The revolutionary idea of American Government, OUR GOVERNMENT was that INDIVIDUAL CITIZENS (not corporations) were in fact FREE to negotiate WITHOUT GOVERNMENT INTERVENTION. Congress gave itself the power: '...to regulate Commerce, with foreign Nations, and among the several States, and with the Indian tribes...' (Article I, section 8) but did not give itself the power to DICTATE the terms of negotiations between INDIVIDUAL CITIZENS.

It is my firm belief that the Founders' REASONing was impeccable.
Further, if INDIVIDUALS, not corporations (who were by trickery and deception allowed to be viewed in Courts of Law as PERSONS...see 1886 case Union Pacific Railroad vs. Santa Clara County and it's headnotes and then research who helped craft the specific wording of the Fourteenth Amendment) were free to negotiate among OURSELVES, there would be honest free market competition and all products and services, including HEALTH CARE, would meet their naturally developed cost. In other words, Health Care would be available and accessible to ALL.

Of course all my wind is for the most part falling on deaf and hand covered ears... all to the glee of the people taking advantage of the poorly informed CITIZENRY, and not to CONSTITUTIONALLY INFORMED CITIZENS; who would have had years of practice and would have developed a sense of SELF RELIANT REASONING; which have sadly been both willfully ignored and intentionally deadened by covert propaganda/advertising by the same gleeful people who profit from the current state of affairs.

Health care is a human

Health care is a human right, and everyone has a responsibility to contribute to the system.

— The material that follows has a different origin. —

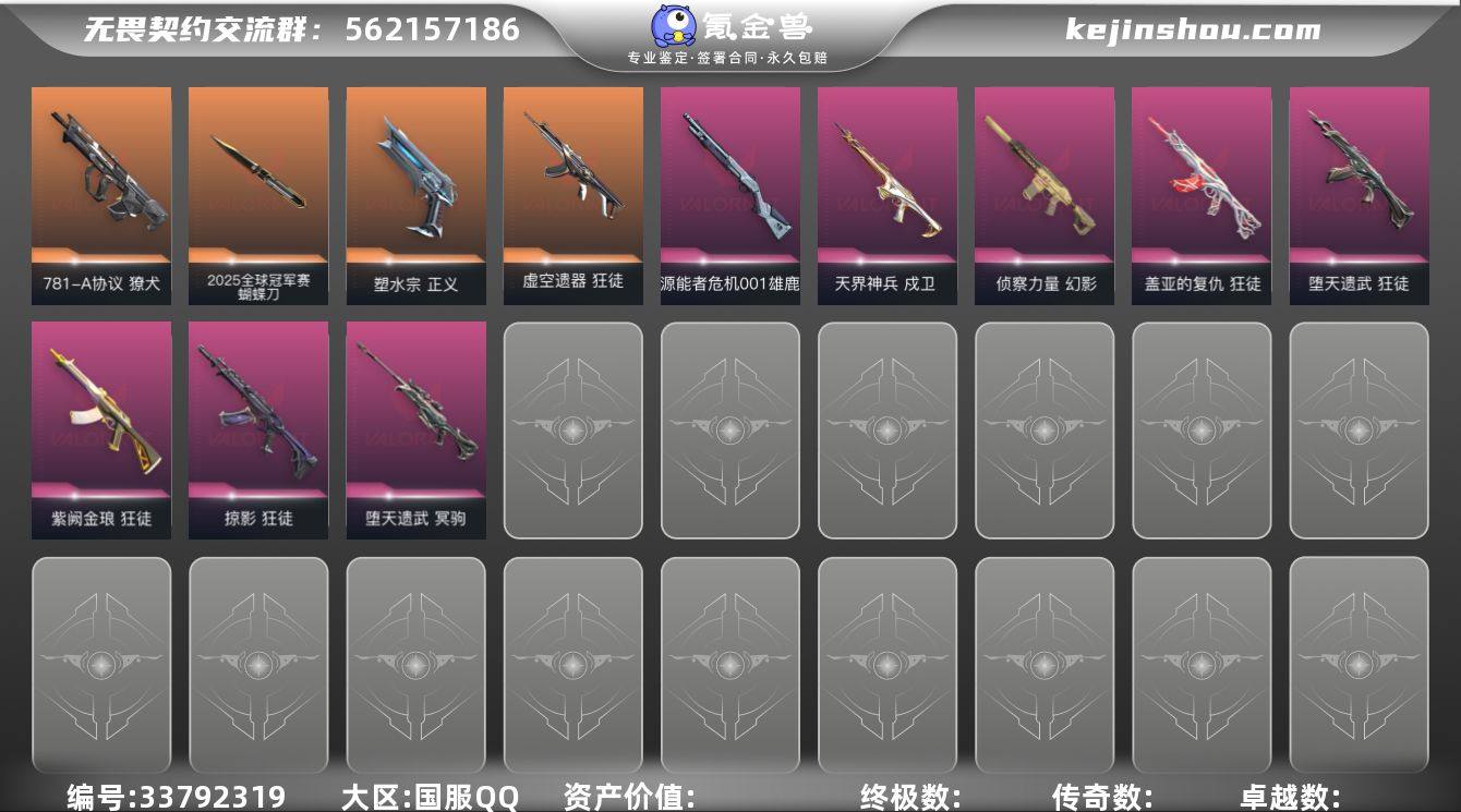 【Dyww62】【套装】:2025全球冠军赛套装,VCT 2025 赛季套装,西部未来套装 【英雄】:幻棱,炼狱,维斯,暮蝶,钛狐,壹决,铁臂,捷风,雷兹,幽影,不死鸟,贤者,猎枭,蝰蛇,零,芮娜,奇乐,尚勃勒,霓虹,斯凯,夜露,星礈,K/O,海神,盖可,黑梦,钢锁 【近战武器】:近战武器-2025全球冠军赛 蝴蝶刀,近战武器-VCT 2025 爪刀,近战武器-威龙之刃,近战武器-未来开拓者,近战武器-珍珠棘贝 短剑,近战武器-超能偶像 应援棒,近战武器-钢轨卫士 战锤,近战武器-天御刀,近战武器-诡秘蛇影 军刀,近战武器-神圣领域 战刀 【狂徒】:狂徒-2025全球冠军赛,狂徒-虚空遗器,狂徒-堕天遗武,狂徒-掠影,狂徒-盖亚的复仇,狂徒-紫阙金琅,狂徒-超能偶像,狂徒-钢轨卫士,狂徒-诡秘蛇影 【幻影】:幻影-西部未来,幻影-侦察力量,幻影-珍珠棘贝,幻影-神圣领域,幻影-聚合之力,幻影-战术小伙伴,幻影-末日之翼,幻影-西部未来 【戍卫】:戍卫-天界神兵,戍卫-超能偶像,戍卫-钢轨卫士,戍卫-珍珠棘贝,戍卫-月球哨兵,戍卫-折光棱晶 【獠犬】:獠犬-781-A协议,獠犬-神圣领域,獠犬-采蜜小蜂队,獠犬-复古浪潮,獠犬-战术小伙伴 【冥驹】:冥驹-堕天遗武,冥驹-复古浪潮,...

However, many uninsured are essentially cut out of the healthcare system, even though they contribute to it.

If someone is working and paying Federal payroll taxes and/or income taxes, they are contributing to Medicare, Medicaid, the military, the NIHs, etc.

If someone is paying property taxes, room and meals tax, or any other state taxes, they are paying for the healthcare of teachers, firemen, police and government workers at the state, county, and town levels.

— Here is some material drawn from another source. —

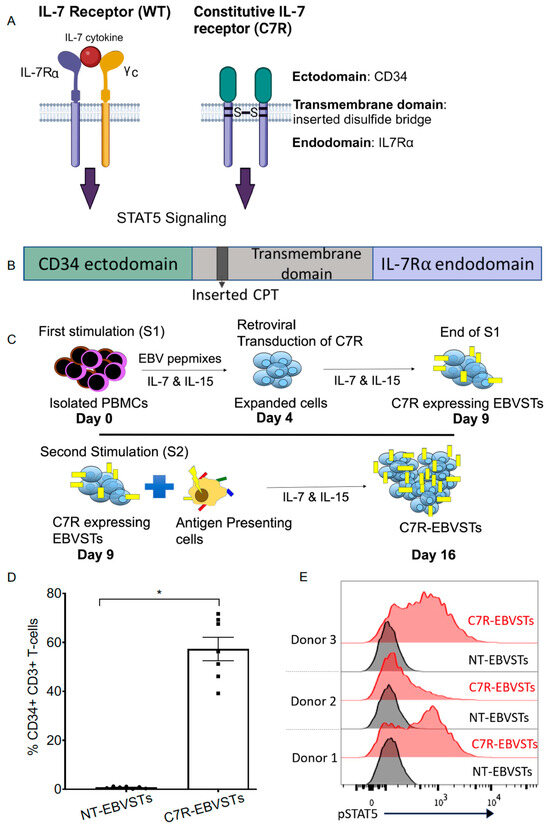 The C7R comprises a CD34-derived ectodomain, linked to the transmembrane and intracellular domains of the IL7Rα chain, carrying in the transmembrane domain that results in homodimerization as outlined in Figure 1A,B [33]. EBVSTs were generated from EBV seropositive donor peripheral blood mononuclear cells (PBMCs) by stimulation with overlapping EBV peptide libraries (15 amino acids overlapping by 11 amino acids) spanning the entire protein sequences of type-2 EBV latent antigens EBNA-1, LMP-1, and LMP-2 in the presence of IL-7 and IL-15. On day 4, the cells were transduced with a retroviral vector expressing the C7R and cultured in the continued presence of cytokines. On day 9 after the first stimulation (S1), the cells were re-stimulated (S2) using an irradiated antigen-presenting complex comprising pepmix-pulsed, autologous activated T-cells (ATCs) plus an HLA negative lymphoblastoid cell line (ULCL) that provides costimulatory signaling to T-cells [6] in the presence of IL-7 and IL-15 cytokines. On day 16, non-transduced (NT)- and C7R-EBVSTs were harvested and used in functional studies (Figure 1C).

Yet we expect a low or moderate income family to then go out and buy private insurance on top of that. And pay the same premium as a family with a 6-figure income. Plus deductibles and co-pays. No wonder they show up in ERs.

I'm a state representative, but in my non-pubic life, I'm a self-employed freelance graphic designer. I have bought my own health insurance for about 25 years.

In the past year, my business had a significant downturn. In May, my insurance premium went up 35%. I finally had to drop my health insurance. While right now I could afford to pay SOME money toward health insurance, I certainly cannot pay what the private plans charge, and I can't buy into a government plan. I'm almost 59 and while I'm in good health now, staying healthy and getting good primary care is essential, but I'm shut out of the system. If I did have a serious accident or illness, I could face bankruptcy.

All the years I paid into health insurance now counts for nothing.

As a state rep, I could buy into the state health plan. But I can only afford about half the premium that is charged.

The states surrounding NH have all put in place plans to move to universal health care, and have provided an avenue for the uninsured to be included in the healthcare system. It's time NH did that too.